Anselme des Crêts est à l’agonie. Il râle à vous remuer jusqu’aux entrailles. Il ne parle pratiquement plus, de temps en temps un mot mais incompréhensible. Ses yeux regardent le plafond. Hier, le curé lui a donné les derniers sacrements. Maintenant, Anselme est en ordre pour passer de l’autre côté. Son testament se trouve dans le tiroir de la table de nuit, avec son dentier, sa bourse.

Une voiture s’arrête devant la maison.
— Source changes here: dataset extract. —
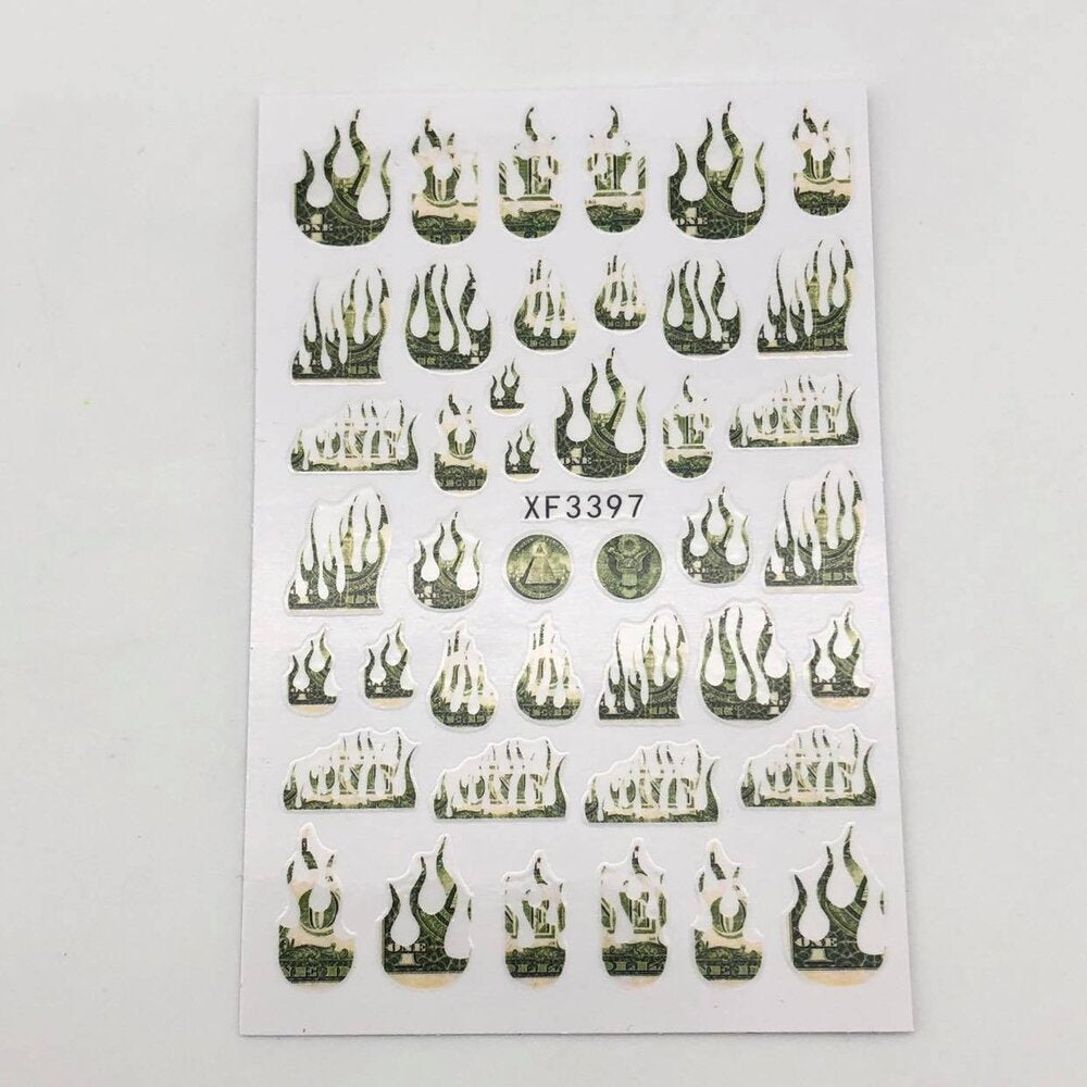 Flaming Dollar (XF3397) - Nail Art Sticker

C’est le médecin. « Laissez-moi seul avec lui », dit-il à l’épouse. Il ne s’attarde pas dans la chambre de l’agonisant. Cela n’en vaut plus la peine.

—  Venez dehors, dit-il à la femme, qu’il ne nous entende pas.

Le médecin n’y va pas par quatre chemins :

—  Vous voyez où il en est. Il peut partir d’un moment à l’autre. Cessez les remèdes.
Le régime également, donnez-lui tout ce qu’il demande. Soyez courageuse, ma bonne Fidélia.

Fidélia retourne vers son mari.

—  Qu’et-ce qu’il a dit, le médecin ? demande Anselme dans un souffle épais.

—  Il a dit que tu vas beaucoup mieux. Tu peux manger tout ce qui te fait plaisir.

Le vieux guigne ce beau gros jambon qui pend dans la cheminée de la cuisine.

—  Je voudrais bien de ça.

—  Non, non, pas ce jambon. Je le garde pour l’enterrement.